BEGIN

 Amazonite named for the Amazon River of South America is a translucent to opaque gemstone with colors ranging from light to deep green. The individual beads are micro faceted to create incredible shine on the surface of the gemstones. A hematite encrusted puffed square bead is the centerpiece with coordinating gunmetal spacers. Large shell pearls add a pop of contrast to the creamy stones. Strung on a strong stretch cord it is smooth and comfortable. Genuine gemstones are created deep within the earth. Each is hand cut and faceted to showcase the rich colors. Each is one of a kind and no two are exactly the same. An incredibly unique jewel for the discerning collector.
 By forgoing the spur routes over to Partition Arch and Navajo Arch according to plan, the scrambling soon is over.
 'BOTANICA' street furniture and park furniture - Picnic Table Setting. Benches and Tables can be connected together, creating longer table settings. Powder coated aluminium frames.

END
BEGIN

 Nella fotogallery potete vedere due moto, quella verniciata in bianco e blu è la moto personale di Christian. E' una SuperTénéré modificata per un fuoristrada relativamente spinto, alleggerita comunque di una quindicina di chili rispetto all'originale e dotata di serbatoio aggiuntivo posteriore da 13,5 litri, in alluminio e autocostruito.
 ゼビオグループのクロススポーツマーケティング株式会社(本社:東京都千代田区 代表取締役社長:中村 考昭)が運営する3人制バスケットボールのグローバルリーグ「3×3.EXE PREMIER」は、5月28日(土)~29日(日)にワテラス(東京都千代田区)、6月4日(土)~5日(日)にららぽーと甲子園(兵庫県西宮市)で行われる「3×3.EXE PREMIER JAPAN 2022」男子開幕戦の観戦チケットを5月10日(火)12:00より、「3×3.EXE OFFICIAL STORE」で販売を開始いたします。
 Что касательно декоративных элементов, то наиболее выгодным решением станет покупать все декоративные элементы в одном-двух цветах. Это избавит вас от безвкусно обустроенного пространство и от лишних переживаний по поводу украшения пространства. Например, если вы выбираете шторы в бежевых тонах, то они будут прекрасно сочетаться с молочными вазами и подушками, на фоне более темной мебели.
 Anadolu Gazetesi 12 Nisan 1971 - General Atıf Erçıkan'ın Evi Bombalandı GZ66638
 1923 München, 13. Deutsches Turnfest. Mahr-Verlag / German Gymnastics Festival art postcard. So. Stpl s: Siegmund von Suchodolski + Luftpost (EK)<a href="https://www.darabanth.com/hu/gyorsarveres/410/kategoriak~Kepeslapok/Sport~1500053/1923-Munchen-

END

Using the data above, transcribe the lines that run from the line with "Что касательно декоративных" to the line with "1923 München, 13.", both ends kept, and output nothing else.

» YOUR RESPONSE
 Что касательно декоративных элементов, то наиболее выгодным решением станет покупать все декоративные элементы в одном-двух цветах. Это избавит вас от безвкусно обустроенного пространство и от лишних переживаний по поводу украшения пространства. Например, если вы выбираете шторы в бежевых тонах, то они будут прекрасно сочетаться с молочными вазами и подушками, на фоне более темной мебели.
 Anadolu Gazetesi 12 Nisan 1971 - General Atıf Erçıkan'ın Evi Bombalandı GZ66638
 1923 München, 13. Deutsches Turnfest. Mahr-Verlag / German Gymnastics Festival art postcard. So. Stpl s: Siegmund von Suchodolski + Luftpost (EK)<a href="https://www.darabanth.com/hu/gyorsarveres/410/kategoriak~Kepeslapok/Sport~1500053/1923-Munchen-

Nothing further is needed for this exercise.